## LISTED ENTRIES:
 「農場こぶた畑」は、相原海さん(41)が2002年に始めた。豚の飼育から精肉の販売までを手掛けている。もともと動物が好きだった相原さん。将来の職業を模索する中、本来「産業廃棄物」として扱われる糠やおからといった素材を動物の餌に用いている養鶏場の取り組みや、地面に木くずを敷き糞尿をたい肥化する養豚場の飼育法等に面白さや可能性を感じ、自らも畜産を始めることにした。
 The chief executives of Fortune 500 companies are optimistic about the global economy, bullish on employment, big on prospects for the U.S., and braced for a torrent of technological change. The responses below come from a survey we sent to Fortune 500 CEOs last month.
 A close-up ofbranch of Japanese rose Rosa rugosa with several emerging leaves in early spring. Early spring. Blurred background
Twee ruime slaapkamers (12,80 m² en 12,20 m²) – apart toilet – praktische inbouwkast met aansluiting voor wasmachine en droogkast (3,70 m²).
==
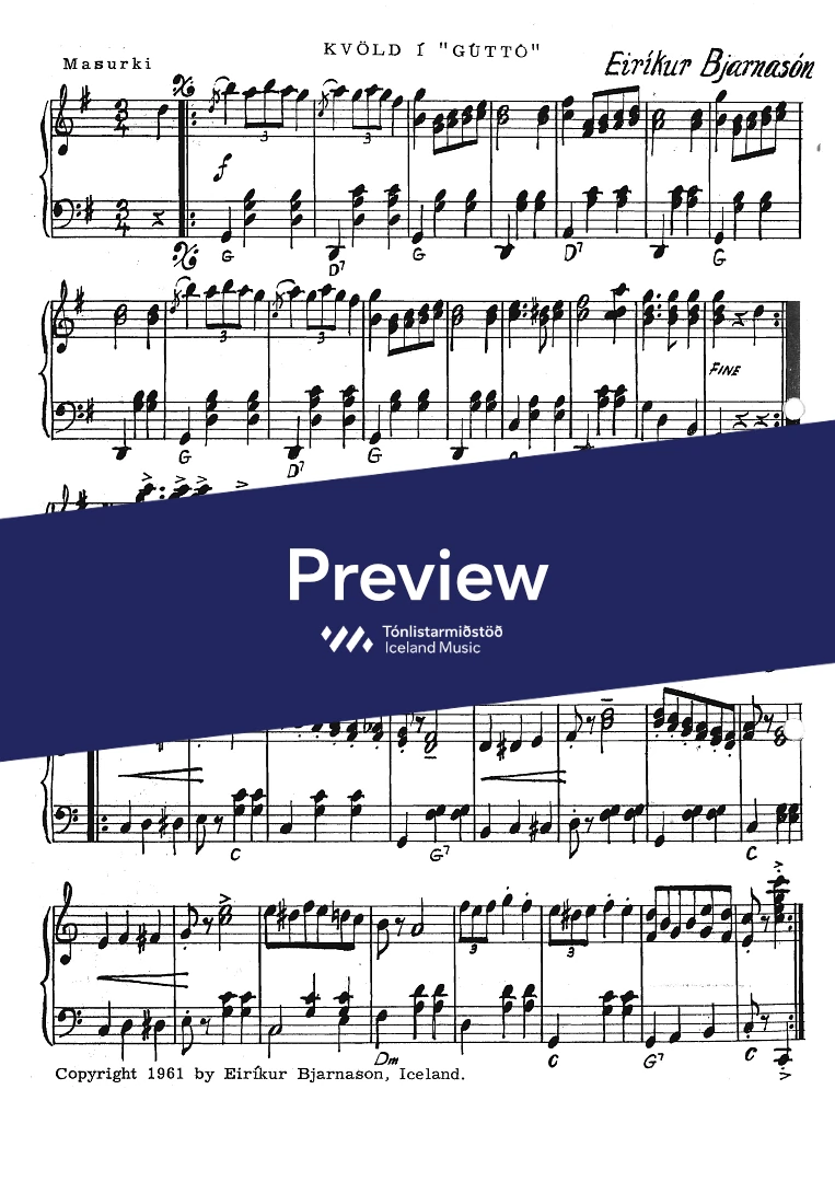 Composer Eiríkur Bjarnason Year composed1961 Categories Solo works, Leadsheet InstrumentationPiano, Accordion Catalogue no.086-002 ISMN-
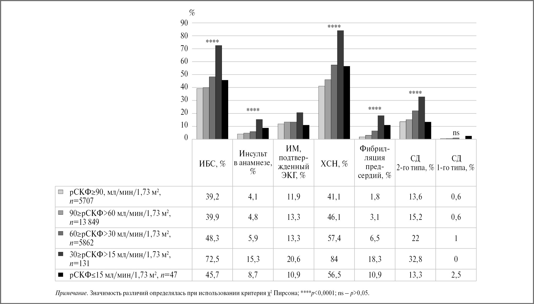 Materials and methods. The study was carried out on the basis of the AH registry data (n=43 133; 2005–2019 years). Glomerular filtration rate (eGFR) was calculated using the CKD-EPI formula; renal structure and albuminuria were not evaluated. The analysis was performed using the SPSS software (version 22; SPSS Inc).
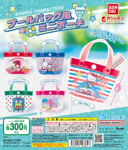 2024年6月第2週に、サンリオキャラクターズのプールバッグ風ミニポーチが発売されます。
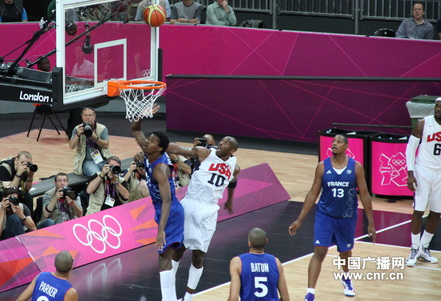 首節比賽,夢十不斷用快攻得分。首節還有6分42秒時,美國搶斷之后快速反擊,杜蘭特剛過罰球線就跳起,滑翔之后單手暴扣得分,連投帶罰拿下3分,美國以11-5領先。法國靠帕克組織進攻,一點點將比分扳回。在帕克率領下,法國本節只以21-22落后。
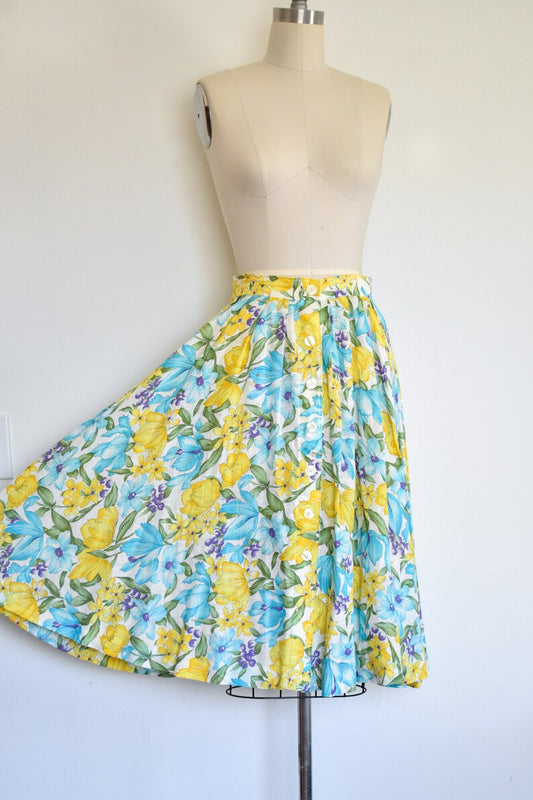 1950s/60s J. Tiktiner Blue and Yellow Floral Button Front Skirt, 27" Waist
---
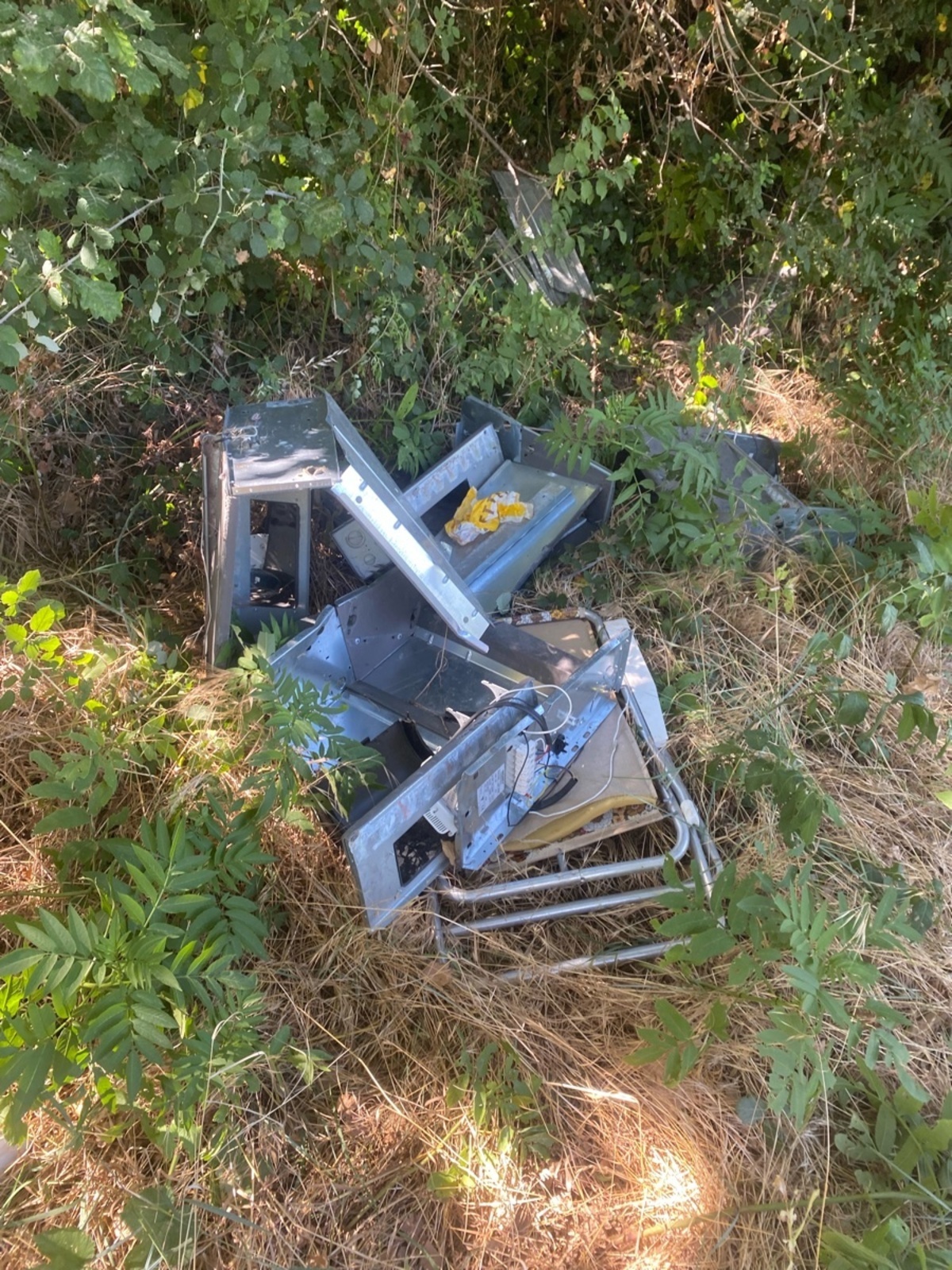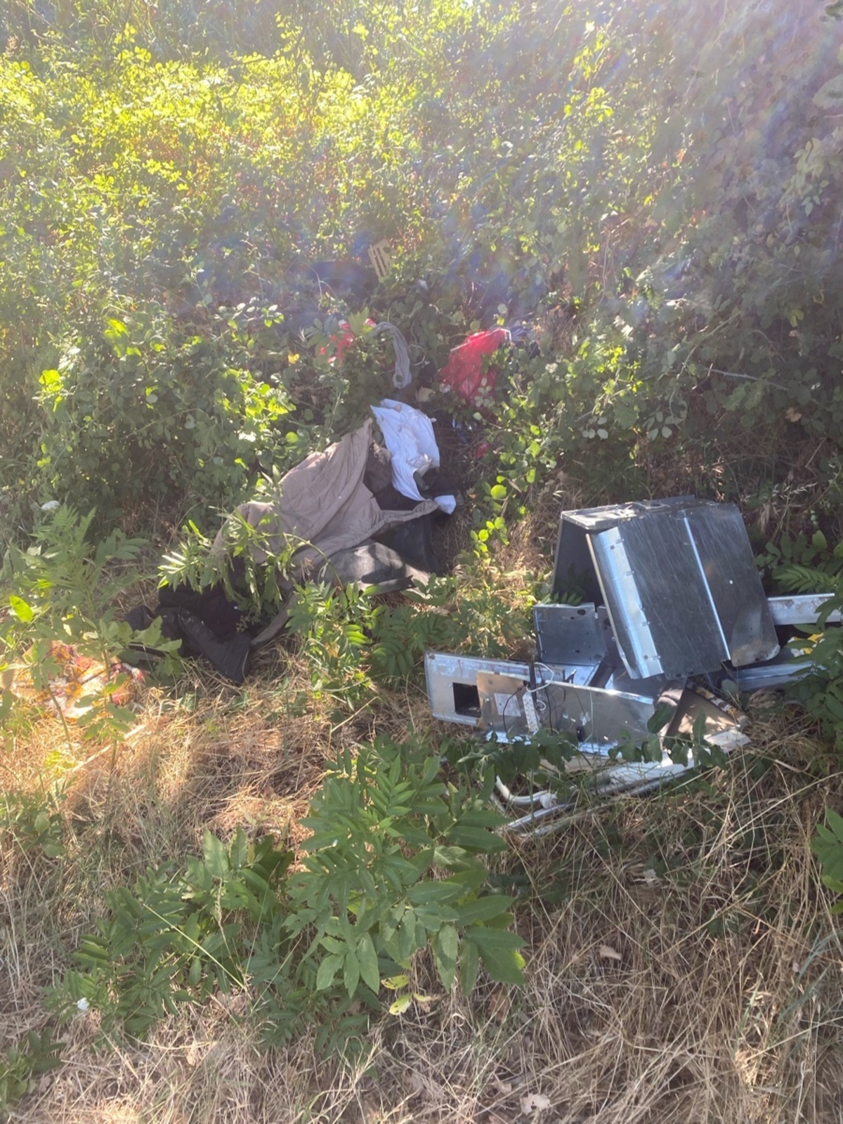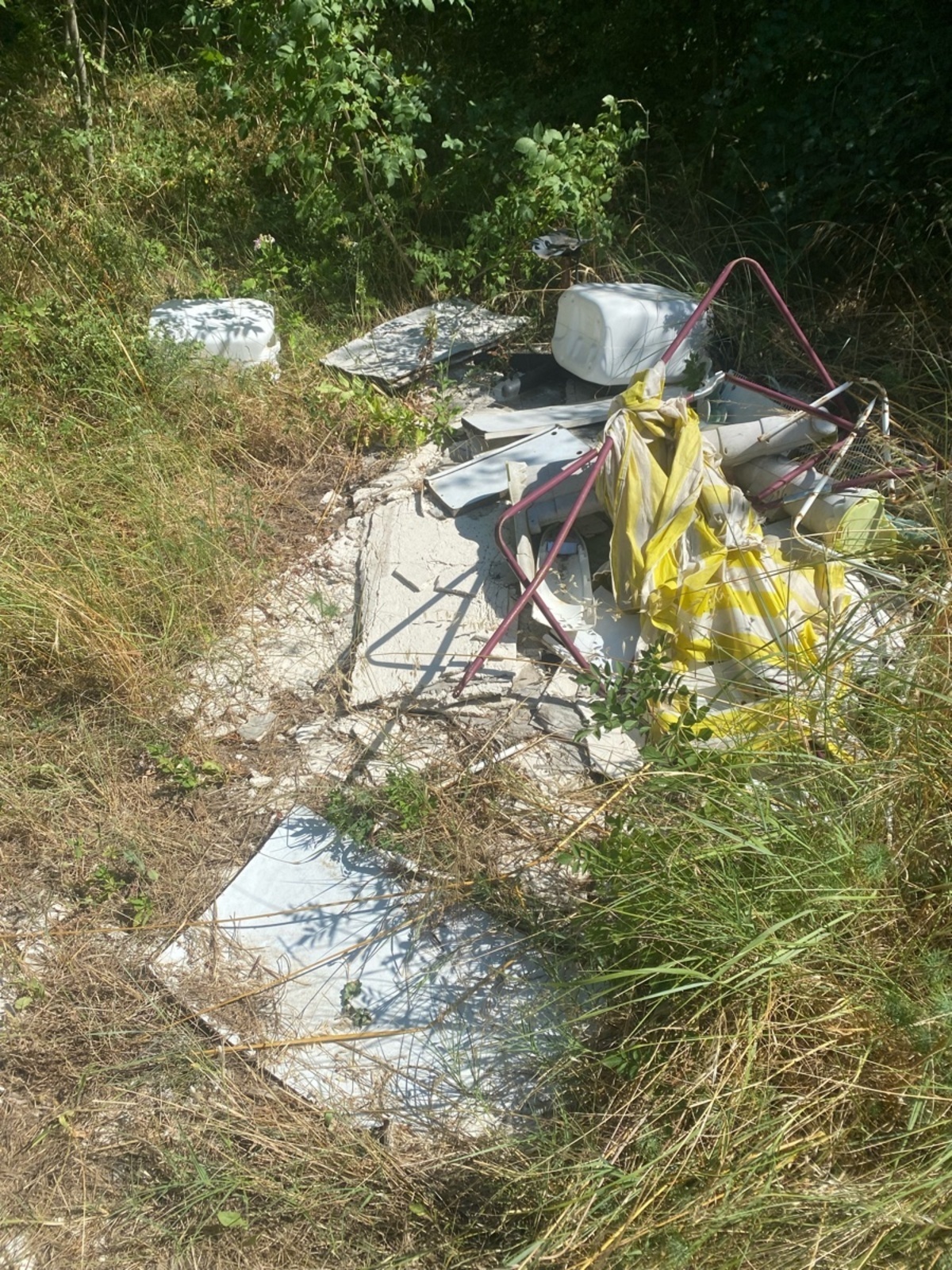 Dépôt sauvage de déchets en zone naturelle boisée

## THE PROBLEM:
For the entries above, print exactly the lines between the one with "首節比賽,夢十不斷用快攻得分" and the one with "1950s/60s J. Tiktiner", inclusive, with no pictures.

## EXERCISE ANSWER:
 首節比賽,夢十不斷用快攻得分。首節還有6分42秒時,美國搶斷之后快速反擊,杜蘭特剛過罰球線就跳起,滑翔之后單手暴扣得分,連投帶罰拿下3分,美國以11-5領先。法國靠帕克組織進攻,一點點將比分扳回。在帕克率領下,法國本節只以21-22落后。
 1950s/60s J. Tiktiner Blue and Yellow Floral Button Front Skirt, 27" Waist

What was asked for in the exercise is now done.